Due diligence guy here.

VCs don't necessarily do rigorous due diligence, especially at the early stages (where ICO's typically play). That being said, VC's typically do some soft diligence checks that investors of ICO wouldn't normally do, for example: personal check backgrounds within their own network, personnel reference checks, review potentially proprietary/confidential information, etc. So it's not necessarily that they have monetary resources to expend during the transaction process, but rather informal/trusted resources at their expense.


It's unlikely that VCs have more resources then the collective internet though. Of course there will be scams, but there are scams with or without VCs.

The question is -- should only VCs have the opportunity?


>more resources than the collective internet

My understanding is that, taking cryptocurrency as an example, crowds of uninformed investors will stampede on something that's popular rather than something that's necessarily an objectively good investment.
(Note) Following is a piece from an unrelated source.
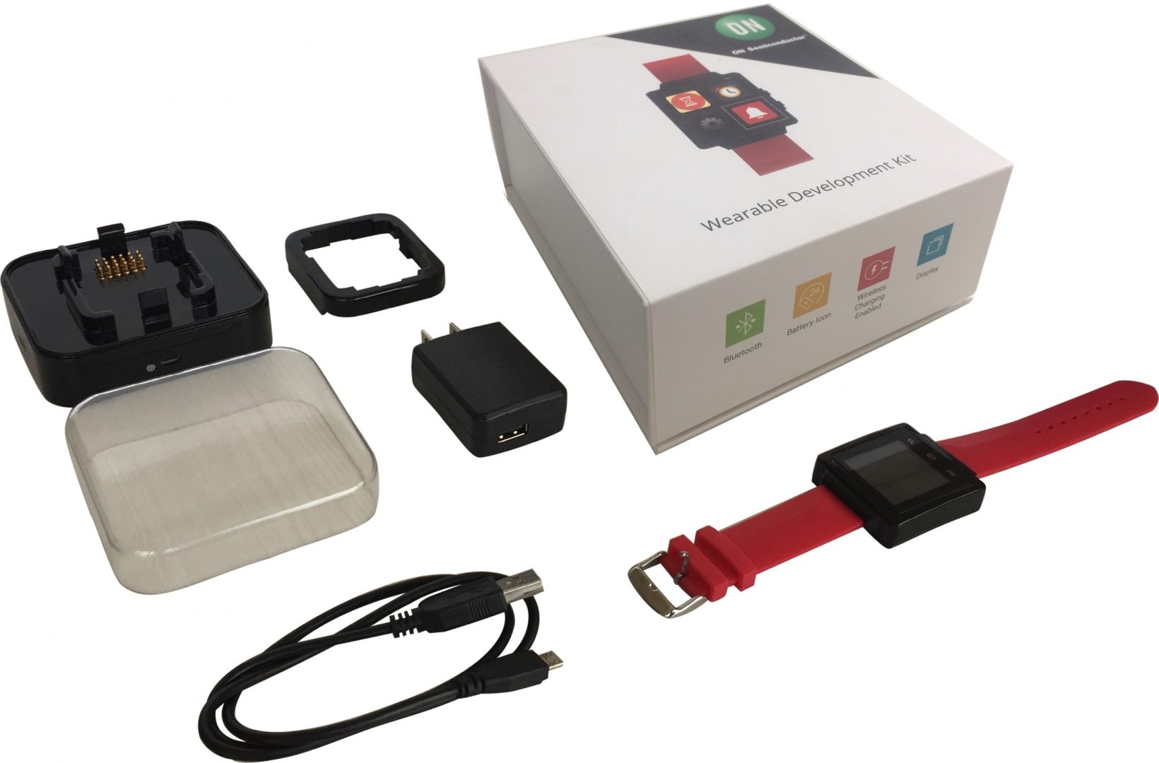 ON Semiconductor s’attaque au marché de l’électronique wearable avec un kit de développement dédié, baptisé WDK1.0. Ce kit est basé sur un processeur à coeur 32 bits Cortex nRF52832 de Nordic Semiconductor, qui embarque également un frontal Bluetooth Low Energy. ON Semi fournit, lui, le circuit de gestion d’alimentation NCP6915 (embarquant cinq régulateurs linéaires LDO et un convertisseur DC-DC), le circuit de charge de batterie NCP1855, la jauge de batterie LC709203F, le contrôleur de charge sans contact SCY1751, le capteur de mouvements sur 6 axes FIS1100 ou encore un capteur de température et un pilote d’interface tactile. Le kit comprend un écran TFT 128×128 au format 1,44 pouce, ainsi qu’une application téléchargeable sur le PlayStore d’Android et l’AppStore d’Apple.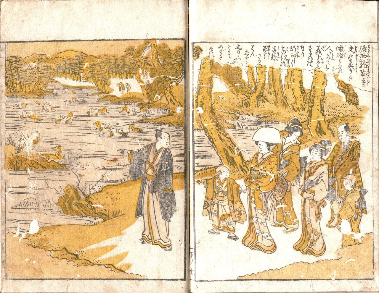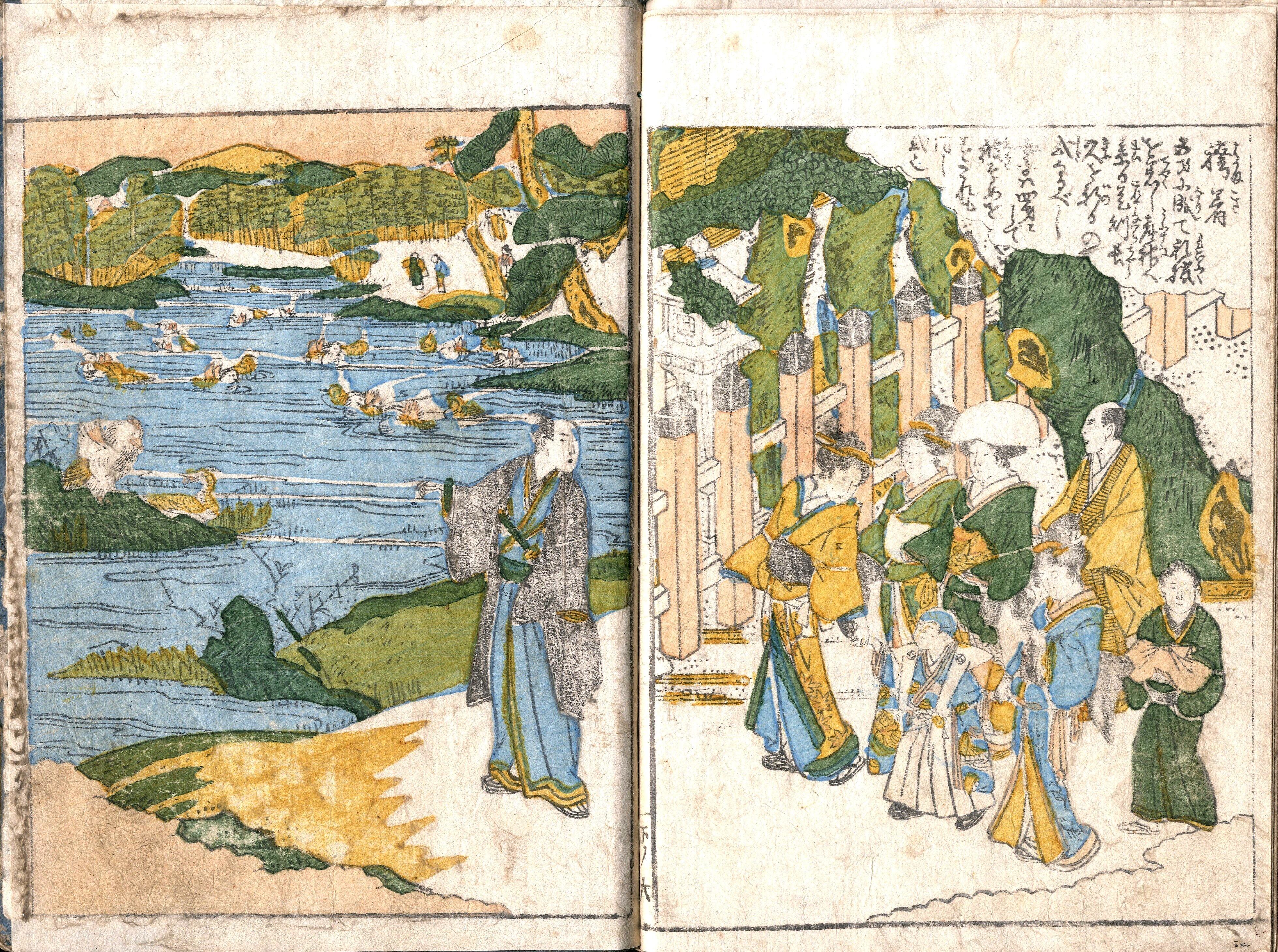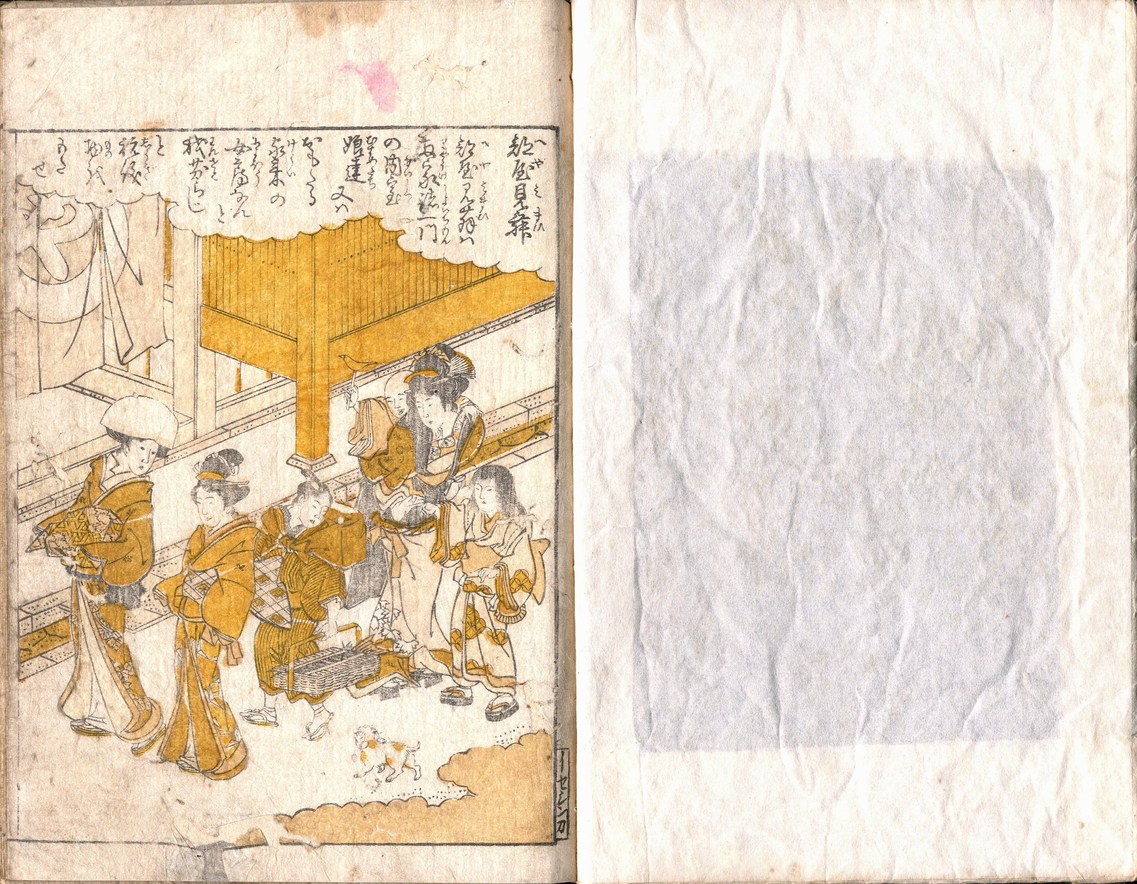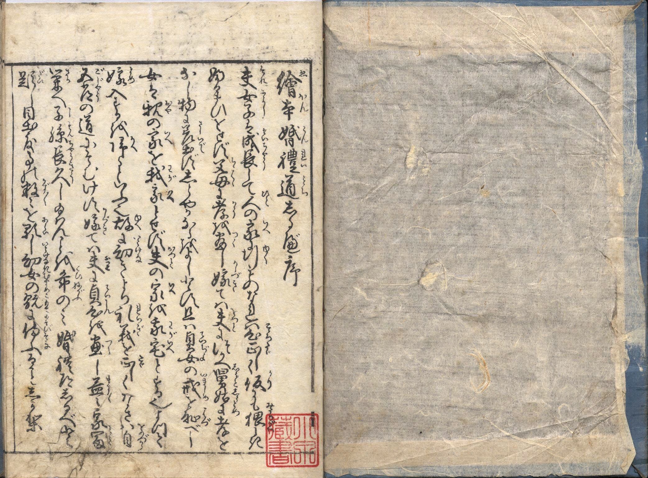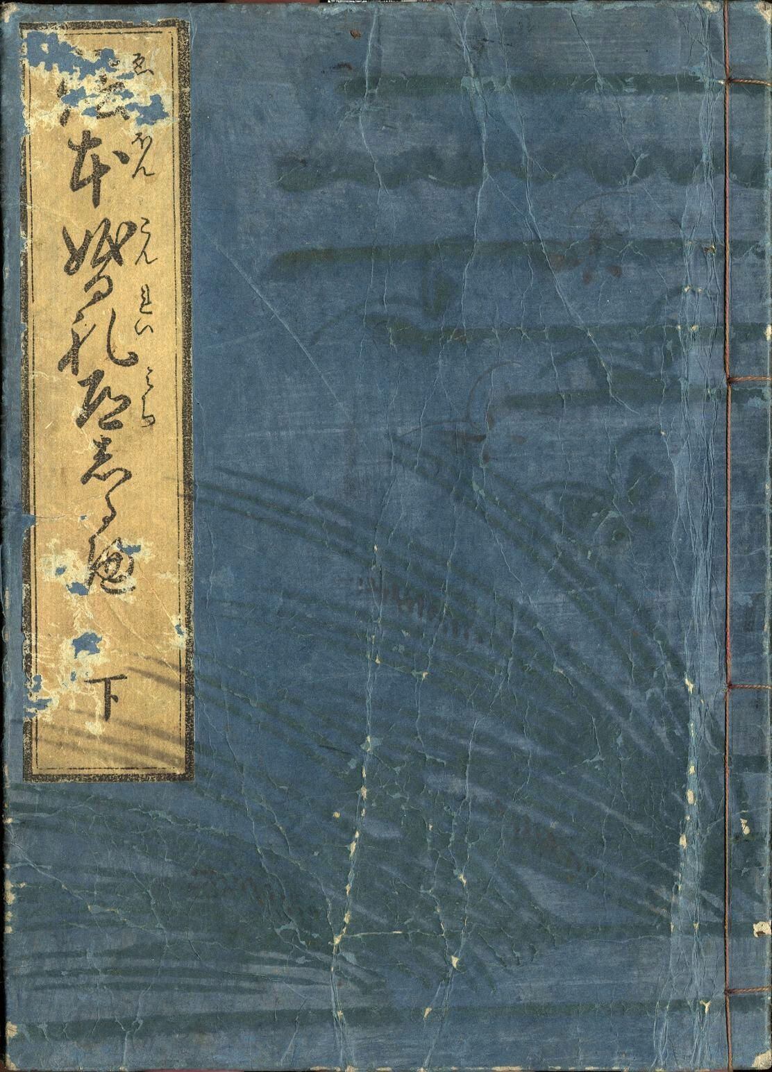 【備考】分類「往来物」。2冊揃い本のほか、カッパ刷りの下巻端本2種(いずれも上巻欠)を収録した。「幼女 (いとけなきむすめ)の翫(もてあそび)」に備えて、婚礼の概要を図解した絵本。上巻に、「見合」「結納の式」「嫁入道具」「嫁入之式」「祝言献立」「祝言の座敷」「色直し」「部屋入の盃」の八題、下巻に「部屋見舞」「聟入」「東福寺通天(紅葉狩)」「若子(わこ)出産」「宮参り」「袴着」「洛西竜安寺(鴛鴦)」の七題を見開き挿絵(一部半丁)で紹介する。それぞれの挿絵には、例えば「見あひのことは一生を極(きわむ)ることなれば、たがひにとくと見合すべし。容色(きりょう)よきとて、つんとすべからず。女は礼儀正しく、やさしきこそよかるべし」のように、教訓的な詞書(ことばがき)を添える。表紙には手彩色で草花や蝶などが描かれている。なお、本書には本文が色刷(合羽刷)りのものもある。堀田連山は、生没年未詳で、江戸時代後期の人。名、行長。通称、新兵・新平。号、連山。里席とも号したか。京都の人で、合羽刷木版の浮世絵の作や絵本の作者として活躍した。

Regardless of your thoughts on cryptocurrency as a concept, I would say an intelligent investor would balk at the kind of ICOs and prices we're seeing.

A lot of this, I think, can be explained by simple psychological concepts like repetitive attraction (seeing something in the news again and again makes you more comfortable with it), good first-impression traits (GOOGL performing better because it's more pronounceable than TWTQR), and other things that have been fuxing with the stock market for decades.

The market has never been rational, and as I've learned from crowd-funding campaigns, the internet didn't make that situation any more rational.